Connect with us

NASIONAL

YUSRIL: KOMISIONER KPK BUKANLAH MANDATARIS PRESIDEN

Published

on

KopiOnline Jakarta,- Pakar Hukum Tata Negara, Yusril Ihza Mahendra menyoroti soal penyerahan mandat tanggung jawab pengelolaan Komisi Pemberantasan Korupsi (KPK) dari pimpinan KPK periode 2015-2019, Agus Rahardjo kepada Presiden.

Yusril menilai, penyerahan mandat oleh pimpinan lembaga antirasuah itu kepada Presiden justru bisa menjadi jebakan.

“Ya, itu bisa membuat Presiden terjebak,” kata Yusril, Minggu (15/09/2019).

Yusril menjelaskan, Presiden bisa kena pelanggaran konstitusi bila menerima mandat KPK. Karena, menurut dia, undang-undang tidak mengenal penyerahan mandat atau tanggung jawab pengelolaan KPK kepada Presiden.

“Presiden tidak berwenang mengelola KPK. Presiden justru dapat dianggap melanggar konstitusi jika menjadi pengelola KPK,”

Sama halnya dengan polisi dan jaksa, lanjut Yusril, KPK bersifat operasional dalam menegakkan hukum di bidang tindak pidana korupsi.

“Presiden tidak mungkin bertindak secara langsung dan operasional dalam menegakkan hukum,” ujar Yusril.

Dia menambahkan, tata cara pengelolaan KPK telah diatur dengan rinci dalam UU KPK. Sementara tidak ada satu pasal pun dalam UUD 1945 yang mengatur tentang KPK.

“Komisioner KPK bukanlah mandataris Presiden,” tegas Yusril.

UU KPK, menurut dia, tidak mengenal penyerahan mandat kepada Presiden. Maka Komisioner KPK wajib meneruskan tugas dan tanggung jawabnya sampai akhir masa jabatannya.

Pasal 32 UU KPK menyatakan bahwa komisioner diberhentikan dari jabatannya karena masa jabatannya telah berakhir. Selain itu, masa jabatan komisioner berakhir jika mereka mengundurkan diri atau meninggal dunia sebelum masa jabatannya berakhir.

“Di luar itu tidak ada mekanisme lain bagi komisioner untuk mengakhiri jabatannya,” tutup Yusril.

Hal senada diungkapkan Mahfud MD. Mantan Ketua Mahkamah Konstitusi (MK) ini menilai, penyerahan mandat itu tidak tepat.
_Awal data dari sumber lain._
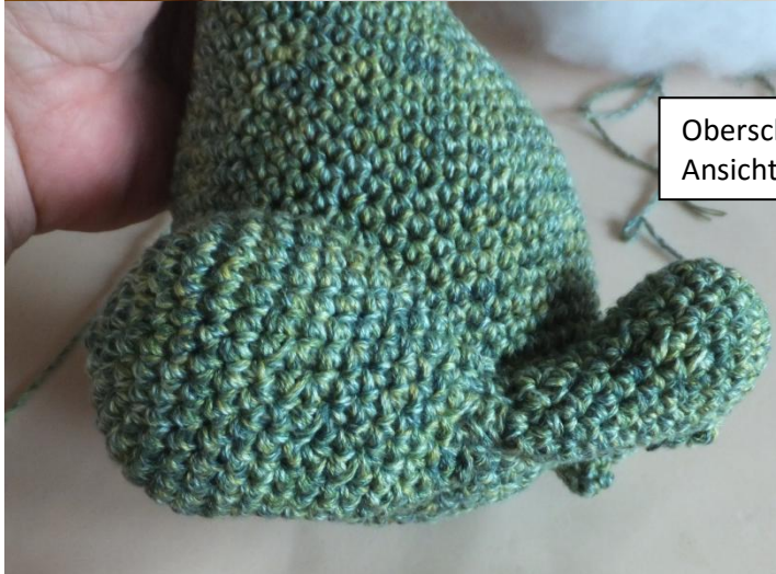
Oberschenkel annähen Ansicht Seite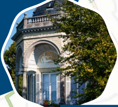
Paviljoen De Notelaer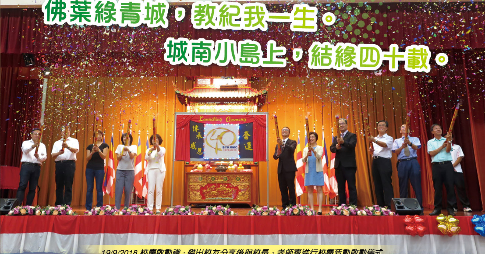
19/9/2018 校慶啟動禮：傑出校友分享後與校長、老師齊進行校慶活動啟動儀式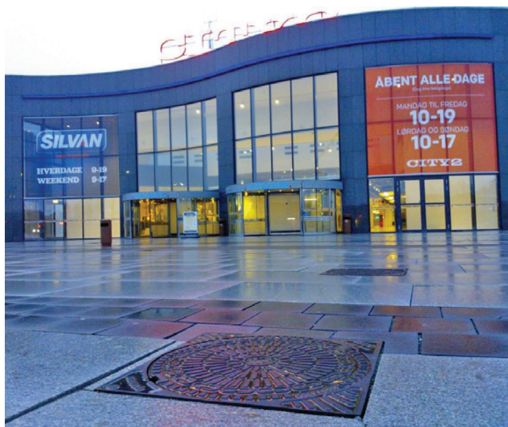
ACO brøndgods er installeret flere steder rundt om City2, her vist ved nordlig indgang.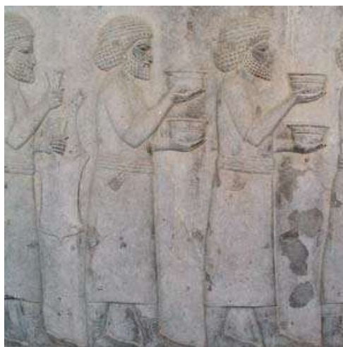
Abb. 6- Persepolis Apadana Schalenträger

Die in den Schriftquellen erwähnten original achämenidischen Schalen, dargestellt auf den Bankettreliefs des Schatzhauses und des Saals mit den hundert Säulen in Persepolis sind kostbare Metallarbeiten. Zu den prominentesten Beispielen dieser in Gold und Silber gefertigten Schalen in Kleinasien gehören die Stücke aus dem als „Harun Schatz“ bekannten Schatzfundes, der bei Raubgrabungen im Raum Provinz Uşak zutage gekommen war (Özgen&Oztürk, 1996). In Kleinasien wurden „Tonschalen des achämenidischen Typs“ als formale Nachahmungen dieser Metallschalen hergestellt, die als echte Reflexion achämenidischen Kunstschaffens zu werten sind (Abb.6).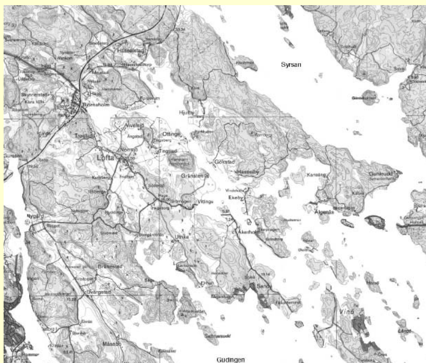
Tjusts vikar omkring år 1000

Tjust ligger i knutpunkten mellan två viktiga färdleder. Den ena är den väst-öst-liga leden från Göteborg via Skara, Vadstena, Linköping och Tjust till Gotland, Ryssland och de arabiska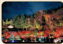
紅葉ライトアップ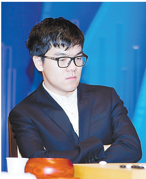
12月5日,柯洁在比赛中。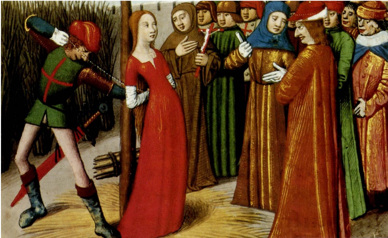
Jeanne d'Arc au bûcher, miniature extraite des Vigiles de Charles VII de Martial d'Auvergne, Paris, BnF, fin du XV ème siècle. (Note : on ne cuit pas le condamné sur le bûcher mais dans le bûcher, d'où le poteau scellé dans le sol et le tas de bois à côté)

Une illuminée victime trois fois du marketing politique : celui de Charles VII, des Républicains fin XIXème et des nationalistes europhobes aujourd'hui.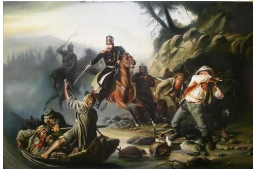
«Стычка с финляндскими контрабандистами» В. Худяков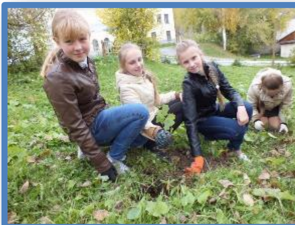
Акция «Подарок городу» дубовая роща своими руками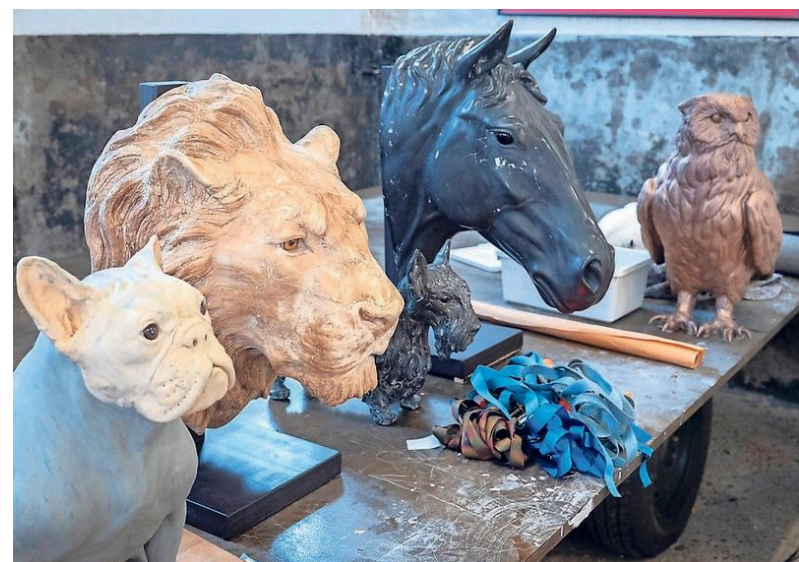
De bulldog van de buurman van Paul McCartney op de voorgrond.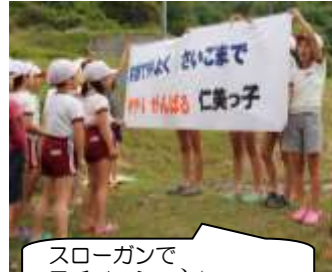
スローガンでモチベーション up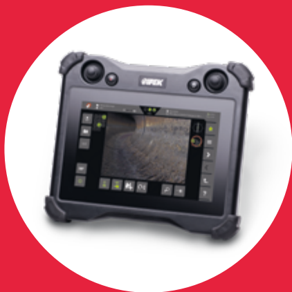
VISIONCONTROL 500 Dotyková i tlačidlová jednotka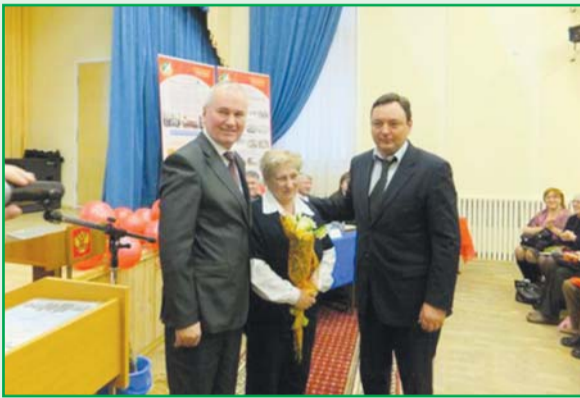
Начало на стр. 1.

В 2012 году в рамках программы благоустройства и приведения в порядок подъездов жилых домов было отремонтировано 140 подъездов на сумму 27 697,107 тыс. рублей, в том числе на средства бюджета - 23 839,151 тыс. руб., средства управляющих компаний - 3 857,956 тыс. руб.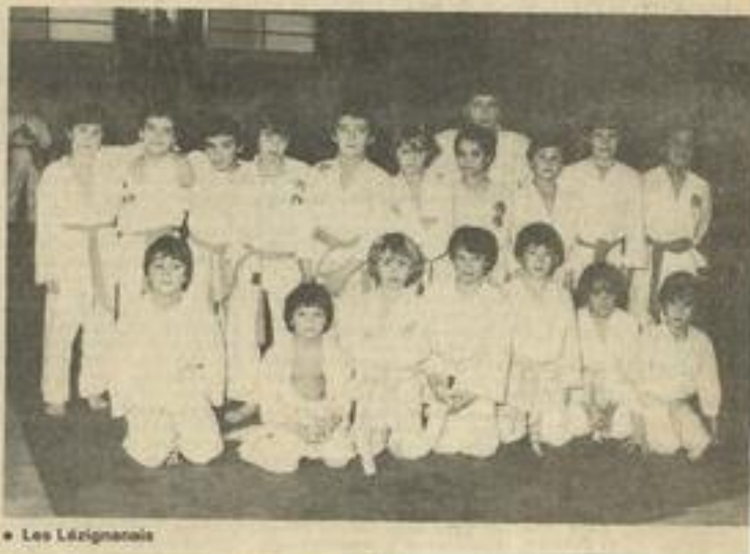
• Les Lézignanais

Cette journée, qui n'était pas vraiment un championnat mais plutôt un rassemblement de jeunes judokas, aura été profitable à ceux-ci.

Menurut guru besar Hukum Tata Negara UII itu juga menegaskan, secara hukum, komisioner KPK bukan mandataris presiden. Mereka tidak bisa mengembalikan mandat kepada Presiden, karena Presiden tidak pernah memberi mandat pada mereka.

“Sebab mandataris dalam Ilmu Hukum adalah orang yang diberi tugas oleh pejabat tertentu, tetapi yang bertanggungjawab adalah pejabat si pemberi tugas,” terang Mahfud MD

Karenanya, Mahfud beranggapan langkah tiga pimpinan KPK periode 2015-2019 yang mengembalikan mandat ke Presiden Jokowi tidaklah tepat.

“KPK bukan mandataris siapa pun, dia adalah lembaga independen. Meskipun ada di lingkaran eksekutif, namun bukan bawahan pemerintah,” ungkapnya.

Sebelumnya, pada Jumat (13/09/2019) malam lalu, para pimpinan Komisi Pemberantasan Korupsi (KPK) menyerahkan tanggung jawab pengelolaan lembaga antirasuah itu kepada Presiden Jokowi.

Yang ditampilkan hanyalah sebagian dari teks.